RL Notes (4): Policy Gradient • Xiaohei's Blog

Preface#

Note: this series is converted from my Mubu notes. If you prefer a more illustrated reading experience, you can read it in my Mubu space. Due to length constraints, the Chapter 12 Mubu notes are there. If you find any logical mistakes, please let me know in the comments—thank you!

Start#

When I first switched from Q-learning to policy gradients, the best part was: I finally didn’t need to get a policy “indirectly” by going through $\arg\max$ .

In policy gradients, the idea is almost brutally simple:

If the return of a trajectory is positive, make the actions that appeared in that trajectory more likely to be sampled in their corresponding states; conversely, if the return is negative, push those action probabilities down. You can think of it as a kind of “after-the-fact praise/criticism” mechanism: after the episode ends, you look back—trajectories that performed well give “bonus points” to the decisions inside them.

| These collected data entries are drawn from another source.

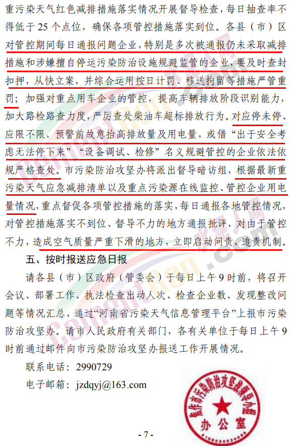加強(qiáng)對重點(diǎn)用車企業(yè)的管控,提高車輛排放階段識別能力, 加大路檢路查力度,嚴(yán)厲查處柴油車超標(biāo)排放行為。對應(yīng)停未停、 應(yīng)限不限、預(yù)警前故意抬高排放量及用電量,或借“出于安全考慮無法停下來”“設(shè)備調(diào)試、檢修”名義規(guī)避管控的企業(yè)依法依規(guī)嚴(yán)格查處。市污染防治攻堅辦將派出督導(dǎo)暗訪組,根據(jù)最新重污染天氣應(yīng)急減排清單以及重點(diǎn)污染源在線監(jiān)控、管控企業(yè)用電量情況,重點(diǎn)督促各項管控措施的落實(shí),每日通報各地管控情況,對管控措施落實(shí)不到位、督導(dǎo)不力的地方通報批評,對由于管控不力,造成空氣質(zhì)量嚴(yán)重下滑的地方,立即啟動問責(zé)、追責(zé)機(jī)制。
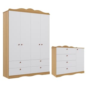 Jogo de Quarto Infantil Encanto Guarda Roupa e Cômoda - Permóbili Baby O Jogo de Quarto Infantil Encanto inclui um Guarda-Roupa e uma Cômoda. O Guarda-Roupa tem 4 portas, 4 gavetas com corrediças telescópicas, cabideiro em alumínio, várias prateleiras e nichos, garantindo ótima organização. Feito de 100% MDF, material durável e ecologicamente correto, possui acabamento em pintura UV e puxadores de plástico ABS resistentes. A moldura com curvas no estilo provençal adiciona um toque decorativo. A Cômoda tem 4 gavetas amplas, uma porta com prateleira interna e cabideiro ajustável. Feita de 100% MDF, com bordas arredondadas e pintura atóxica, oferece resistência e durabilidade e os puxadores de plástico ABS completam o design.
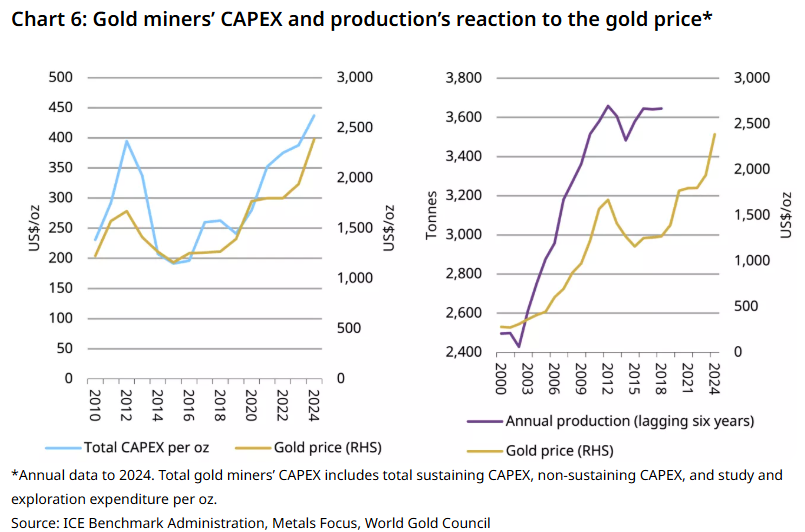 尽管老旧金矿复产与个体及小型金矿增产能够快速提振黄金产量,但正如前文所述,新金矿项目从启动到投产耗时漫长,且实施难度较大。世界黄金协会的研究发现,金价上涨通常会在同年带动矿企资本开支增加,但金矿产量对金价上涨的反应存在至少 6 年的滞后效应 (见图 6)。
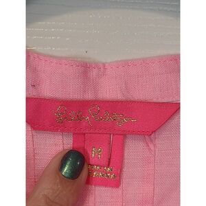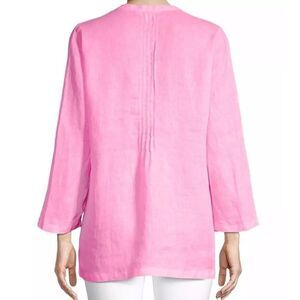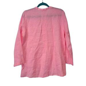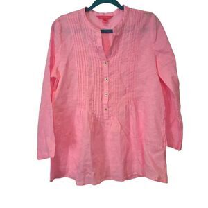 Lilly Pulitzer Sarasota Tunic Top Blouse Pink Isle, 100%Linen | Size M | EUC | MSRP $148 | Measurements Laying Flat and Unstretched: Pit to pit 20" | Length 26" | Sleeve Length 21" | Machine washable | Extra Button attached to the care tag | Please refer to the photos for the condition.
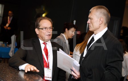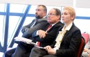 Saeimas deputāts Mārtiņš Šics (no kreisās) un konferences moderators, ...
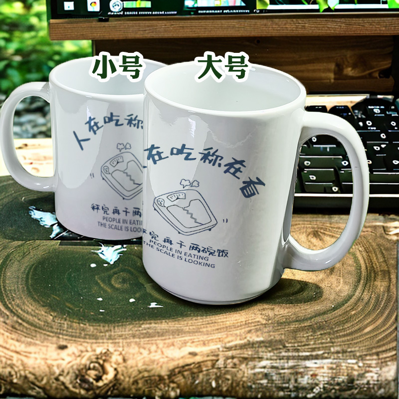 您的位置: 文字人在吃称在看减肥励志趣味变色杯办公室小众马克杯子陶瓷水杯
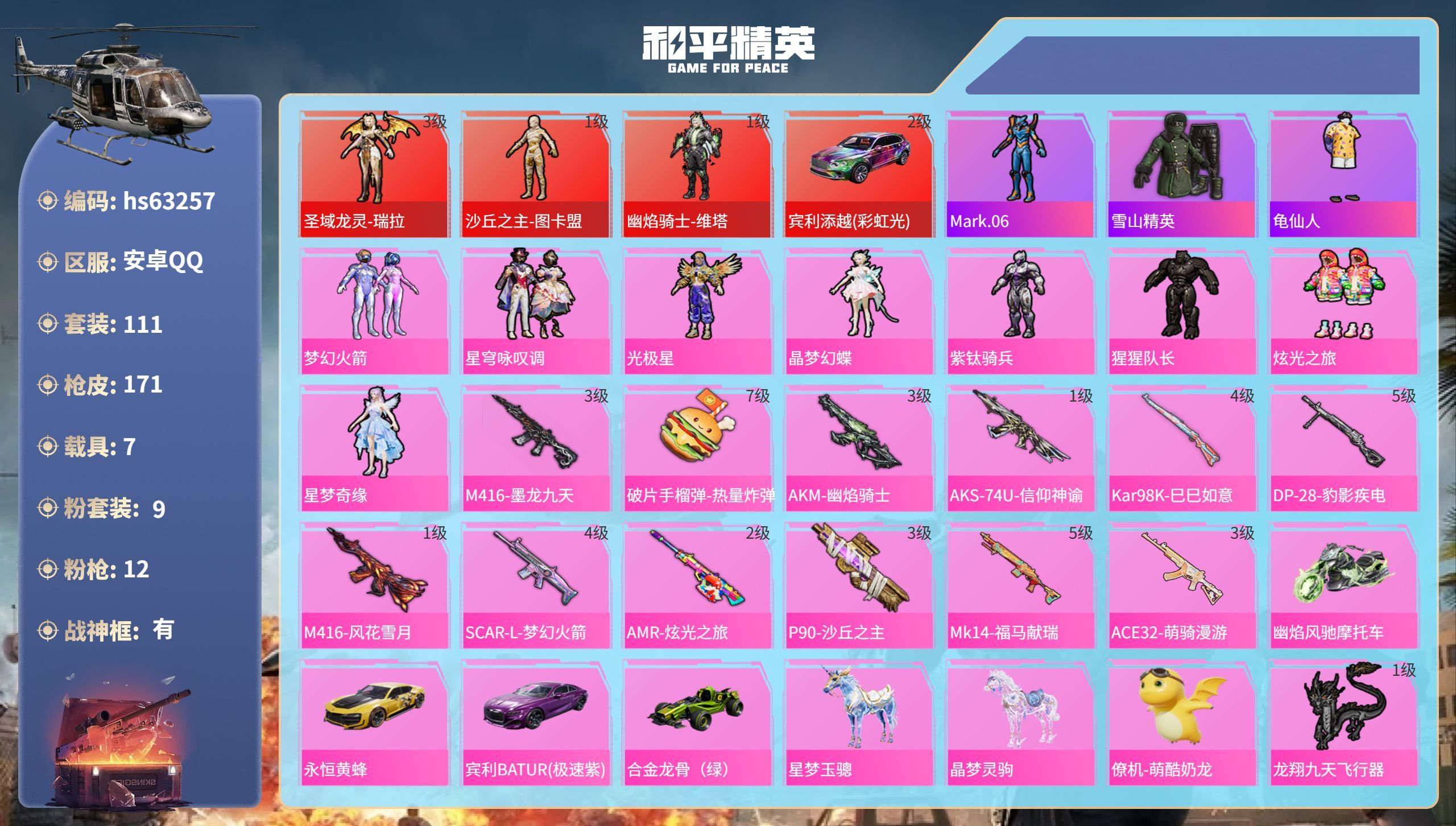 hs63257 安卓手Q-14王牌印记-有战神框-3红装-9粉装-12特效枪-7载具-70557热力
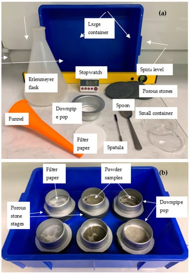 The tools and setup for the initial water uptake test described herein are depicted in Figure 1a,b and a detailed schematic with captions of the IWU test setup can be seen in Figure 2. The basis of this proposed test is the Enslin–Neff test traditionally used in geotechnical engineering, particularly in Germany [53,54,55]. However, the IWU test differs from the Enslin–Neff test by being wholly gravimetric and using a simpler experimental setup. The setup consisted of a triple-layered porous stone stage (Dporous stone = 100 mm, Wporous stone = 10 mm) partly immersed in water, a filter paper (Advantec 4A hardened filter paper, Dfilter paper = 90 mm) on top of the upper, dry porous stone and a powder sample spread evenly onto the central part of the filter paper surface. The properties of the filter paper included high wet strength, high pH resistance, slow flow and retention of fine particles (<5 μm). A circular hollow metal ring (Figure 1) Dsample ≈ 75 mm was used to assist the distribution of the powdered sample on the filter paper (i.e., sample was not allowed within a 7.5 mm “buffer zone” from the edge of the filter paper). The samples were not compacted in any way, just spread with the help of a spatula in a circle with an even thickness (Figure 1); the intention was to mimic the conditions of an actual concrete mix where cement particles are not compacted and have a direct interaction with water. The porous stones served to establish and maintain a uniform water supply.

In this chapter, we follow the docs’ path and turn this idea into something implementable: gradient ascent, baselines, assigning proper credit to each step, and the classic REINFORCE algorithm.

The core intuition of policy gradient#

This part in the docs is key: for a step $(s_t, a_t)$ in a trajectory $\tau$ , if we later find the trajectory reward is positive, we increase the probability of taking $a_t$ in $s_t$ ; otherwise we decrease it.

To make it trainable, we typically:

In implementation, we usually start with a parameterized policy $\pi_\theta(a|s)$ (a neural network outputting an action distribution) to represent “what I tend to do in a given state.” Then we write the objective as maximizing expected return $J(\theta)=\mathbb{E}[G]$ , and update parameters via gradient ascent:

\theta \leftarrow \theta + \eta \nabla_\theta J(\theta)

Here $\eta$ is the learning rate (you can use Adam / RMSProp).

Two common tricks: baseline and credit assignment#

Trick 1: add a baseline#

The docs mention a seemingly counterintuitive issue: an action not being sampled doesn’t mean it’s bad, but its probability may still be “pushed down.” More fundamentally:

The variance of return $G$ is often large, and if you multiply $G$ directly with log_prob, updates can be very noisy. A baseline provides a reference frame so you focus on “did I gain relative to the baseline,” which significantly reduces variance.

A baseline is “subtract something that doesn’t change the expectation but reduces variance.” The classic baseline is the state value $V(s)$ , which yields the advantage function:

A(s,a)=Q(s,a)-V(s)

Trick 2: assign an appropriate score to each step#

In the same episode, early actions may determine the route and later actions may determine the finish. We want each step to be weighted differently to reflect “how much this step contributes to the outcome.”

The most common approach is to use each step’s future discounted return:

G_t = \sum_{k=0}^{T-t-1} \gamma^k r_{t+k+1}

This also leads directly to REINFORCE.

REINFORCE: Monte Carlo policy gradient#

The docs describe it well: REINFORCE updates per episode. First collect rewards for each step, then compute $G_t$ for each step, then use it to optimize the action outputs of each step.

In more “programmer” language:

You can think of the implementation as a straightforward sample-and-backprop routine: roll out a full episode and record $(s_t, a_t, r_{t+1}, \log\pi(a_t|s_t))$ ; then compute $G_t$ from back to front; finally write the loss in a gradient-descent form and backpropagate:

\mathcal{L} = - \sum_t \log\pi_\theta(a_t|s_t) \cdot G_t

Then backprop.

Chapter summary: first make the policy “learnable”#

The charm of policy gradients is that they handle continuous actions naturally and can encode exploration into the distribution itself. But they can also be noisier and more dependent on engineering details.

In the next chapter we’ll move to a more practical version used widely in the real world: PPO. You can think of PPO as “putting a seat belt on policy gradients”: making sure each update step doesn’t jump too far, which is a qualitative improvement for stability.